[DOC-12430] Vector Search Index Architecture (#308)

sarahlwelton · Rebecca-Martinez007 · web-flow · commit a60131fc532f · 2025-01-16T13:33:01.000-05:00
* [DOC-12430] Adding anchor to child-field-options-reference First draft of vector-search-index-architecture * [DOC-12430] Add entry to nav.adoc * [DOC-12430] Elaboration on when each index type is used + other fixes * [DOC-12430] Tying processing in with scoring. * [DOC-12430] Addressing some comments from SME review * Update modules/vector-search/pages/vector-search-index-architecture.adoc Co-authored-by: Rebecca Martinez <167447972+Rebecca-Martinez007@users.noreply.github.com> * Update modules/vector-search/pages/vector-search-index-architecture.adoc Co-authored-by: Rebecca Martinez <167447972+Rebecca-Martinez007@users.noreply.github.com> * [DOC-12430] Changes/suggestions from peer review --------- Co-authored-by: Rebecca Martinez <167447972+Rebecca-Martinez007@users.noreply.github.com>
diff --git a/modules/search/pages/child-field-options-reference.adoc b/modules/search/pages/child-field-options-reference.adoc
@@ -23,7 +23,7 @@ include::partial$vector-search-field-descriptions.adoc[tag=dimension]
 
 include::partial$vector-search-field-descriptions.adoc[tag=similarity_metric]
 
-|Optimized For (Vector Fields Only) a|
+|[[optimized]]Optimized For (Vector Fields Only) a|
 
 include::partial$vector-search-field-descriptions.adoc[tag=optimized_for]
 
diff --git a/modules/vector-search/pages/vector-search-index-architecture.adoc b/modules/vector-search/pages/vector-search-index-architecture.adoc
@@ -0,0 +1,152 @@
+= Vector Search Index Architecture
+:page-topic-type: concept
+:description: Vector Search indexes use features from traditional Search indexes, with unique indexing algorithms and features that allow you to compare vectors in nearest neighbor searches.
+:page-toclevels: 3
+
+[abstract]
+{description}
+
+A Vector Search index still relies on <<sync,>> and uses <<segments,>> to manage merging and persisting data to disk in your cluster.

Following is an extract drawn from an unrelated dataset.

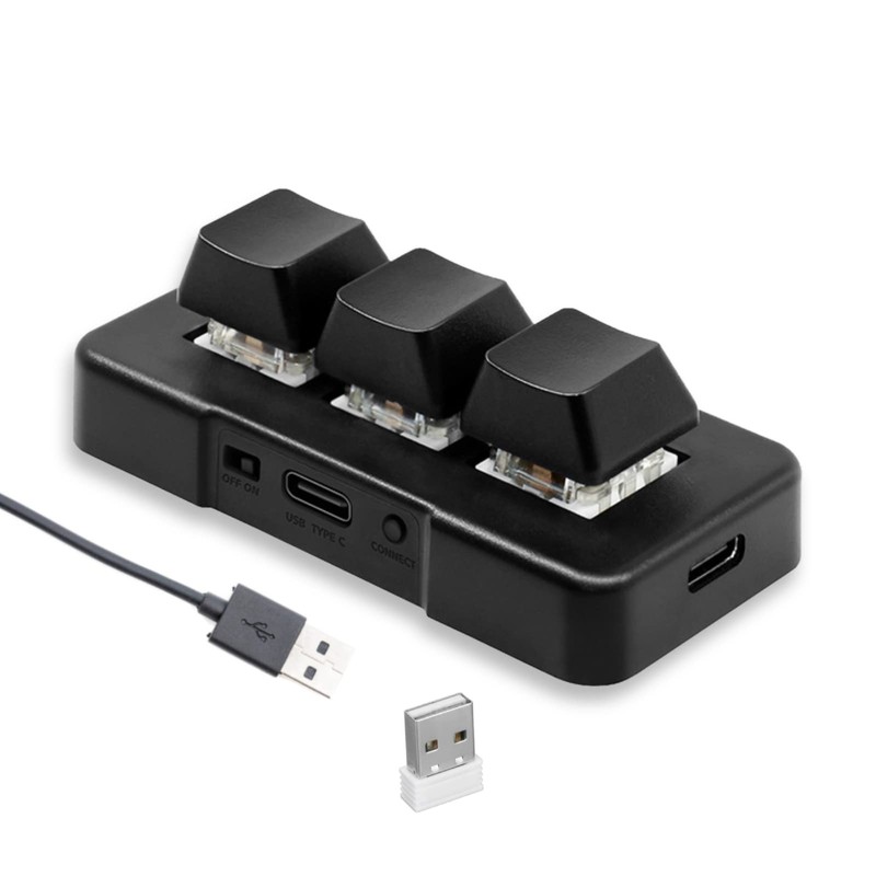 • INTRODUCTION: This is a Bluetooth + 2.4G + USB tri-mode mini 3 keys keyboard, the keys have the function of customization, through the supporting software to define the keys as keyboard, mouse, string, multimedia and macro definition functions.

+All changes from Database Change Protocol (DCP) and the Data Service are introduced to a Search index in batches, which are further managed by segments. 
+
+[#sync]
+== Synchronization with Database Change Protocol (DCP) and the Data Service
+
+The Search Service uses batches to process data that comes in from xref:server:learn:clusters-and-availability/intra-cluster-replication.adoc#database-change-protocol[DCP] and the xref:server:learn:services-and-indexes:services/data-service.adoc[Data Service].

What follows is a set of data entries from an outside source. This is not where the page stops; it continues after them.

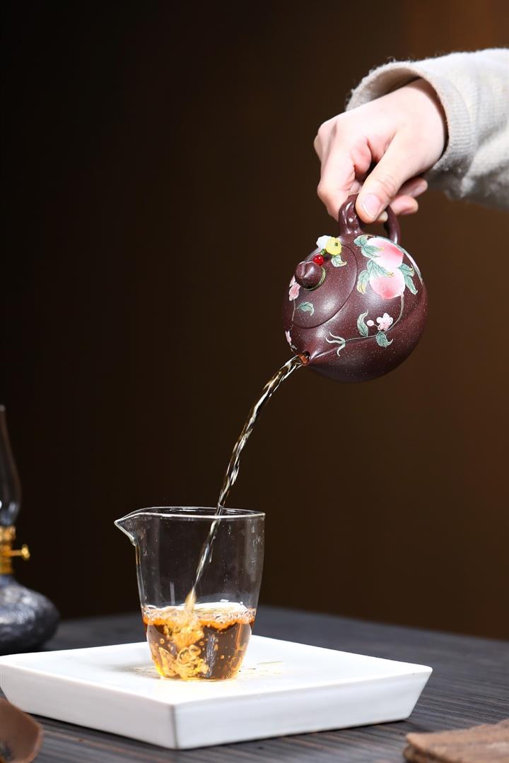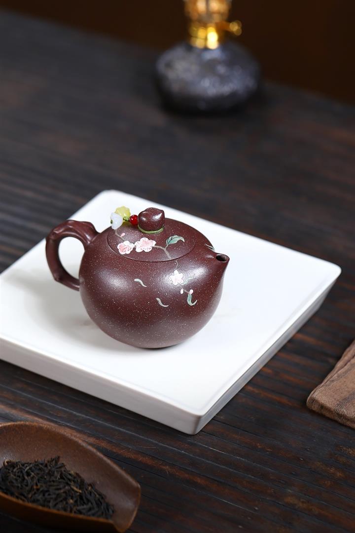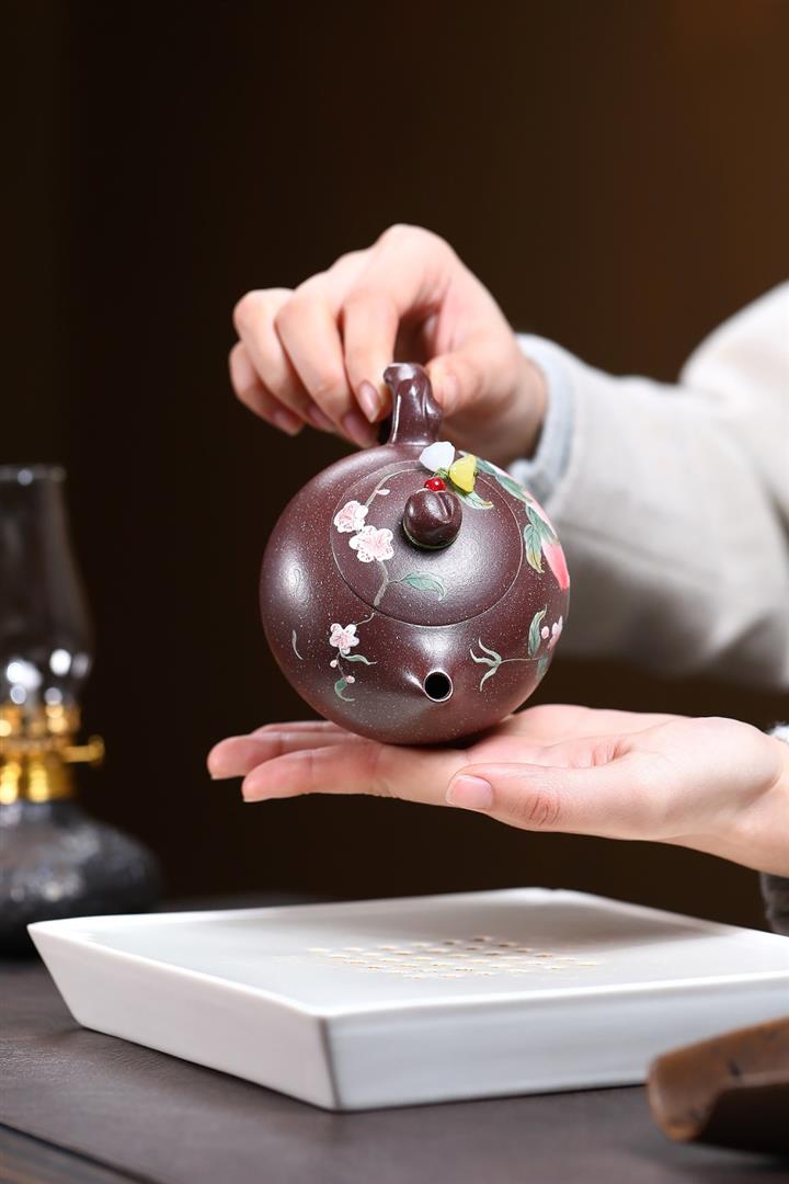 【泥料特點】砂土氣重,似淳實農民,日久使用,漸露鋒芒,養成變化,溫潤莊重。紫砂是壹種雙重氣孔結構的多孔性材質,氣孔微細,密度高。用紫砂壺沏茶,不失原味,且香不渙散,得茶之真香真味。紫砂使用越久,壺身色澤越發光亮照人,氣韻溫雅。紫砂壺長久使用器身會因撫摸擦拭,變得越發溫潤光澤。
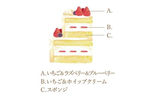 い甘さのホイップクリームをふんわりとしたスポンジでサンドし、仕上げに苺、ブルーベリ
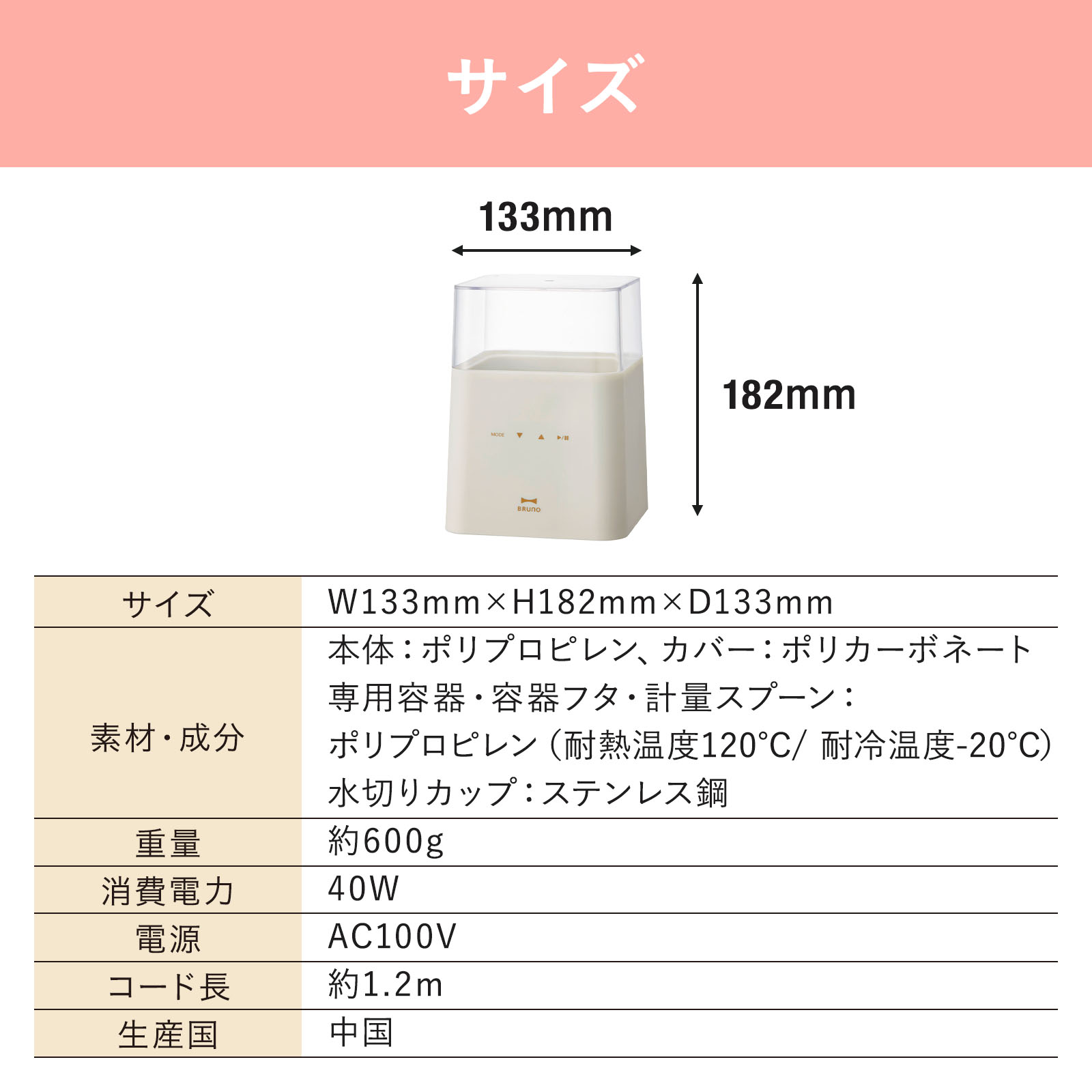 | サイズ | W133mm×H182mm×D133mm

+DCP and Data Service changes are introduced gradually, based on available memory on Search Service nodes, until reindexing operations for an index are complete.
+
+The Search Service can merge batches into a single batch before they're sent to the disk write queue, to reduce the resources required for batch processing. 
+
+The Search Service maintains index snapshots on each Search index partition.
+These snapshots contain a representation of document mutations on either a write queue, or in storage.
+
+If the Search Service loses connection to the Data Service, the Search Service compares its rollback sequence numbers in its snapshots with the Data Service when the connection is reestablished.

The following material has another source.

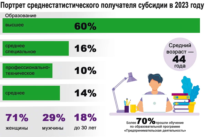 Субсидия предоставляется безработным, достигшим 18-летнего возраста, при отсутствии у них нарушений, если они в течение одного месяца со дня регистрации в качестве безработных не смогли трудоустроиться на подходящую работу или зарегистрировались в качестве безработных после прохождения профессиональной подготовки, переподготовки, повышения квалификации по направлению органов по труду, занятости и социальной защите.
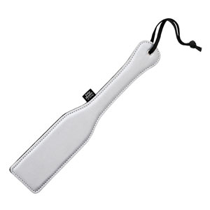 Dvojno oblazinjen lopar iz umetnega usnja vam omogoča različne užitke. Eleganten loparček je specifično oblazinjen na vsaki strani. Na eni strani je lopar oblazinjen nežno, s srebrno, satenu podobno površino, ki bo poživila cirkulacijo. Medtem pa je na drugi strani čvrsta in napeta površina v črni barvi, namenjena konkretnemu "šeškanju". Lopar za šeškanje je primeren za igranje vlog, kjer se dominanca zlahka združi s seksi zapeljevanjem in uživanjem. Lopar je udoben za držanje in ima pri ročaju vrvico, katero si lahko ovijete okoli zapestja, da vam ne zdrsne iz rok. Srebrna stran loparja je namenjena nežnemu, čutnemu šeškanju, medtem, ko je črna stran namenjena konkretnim, odmevnim udarcem. Knjižna uspešnica Petdeset odtenkov sive je izdala 20 erotičnih pripomočkov in vsi so uradno odobreni s strani avtorice E. L. James. Eden izmed njih je tudi ta lopar za šeškanje. K izdelku je priložena še elegantna vrečka za shranjevanje. Idealno kot darilo! Barva: siva / črna Dolžina: 32 cm Material: saten, umetno usnje

+If the index snapshots on the Search Service are too far ahead, the Search Service performs a full rollback to get back in sync with the Data Service. 
+
+[#segments]
+== Search Index Segments
+
+Search and Vector Search indexes in Couchbase Server are built with segments. 
+
+All Search indexes contain a root segment, which includes all data for the Search index but excludes any segments that might be stale.
+Stale segments are eventually removed by the Search Services's persister or merger routines.
+
+The persister reads in-memory segments from the disk write queue and flushes them to disk, completing batch operations as part of <<sync,>>.
+The merger works with the persister to consolidate flushed files and flush the consolidated results back through the persister - while purging the smaller, older files.
+
+The persister and merger interact to continuously flush and merge new in-memory segments to disk, and remove stale segments.
+
+Segments are marked as stale when they're replaced by a new merged segment created by the merger. 
+Stale segments are deleted when they're no longer used by any new queries. 
+
+As smaller segments are merged together through the merger routine, the Search Service automatically runs any needed retraining for Vector Search indexes.
+The segments for a Vector Search index can contain different index types and use a separate indexing pipeline, choosing the appropriate indexing algorithm based on the size of your available documents.
+
+== Vector Search and FAISS
+
+Vector Search specifically uses https://faiss.ai/index.html[FAISS^] indexes.
+Any vectors inside your documents are indexed using FAISS, to create a new query vector that can be searched for similar vectors inside your Vector Search index.
+
+Vector Search chooses the best https://github.com/facebookresearch/faiss/wiki/Faiss-indexes[FAISS index class^], or vector search algorithm, for your data, and automatically tunes parameters to provide a balance of recall and latency.
+You can choose to prioritize recall, latency, or memory efficiency with the xref:search:child-field-options-reference.adoc#optimized[Optimized For] setting on your index.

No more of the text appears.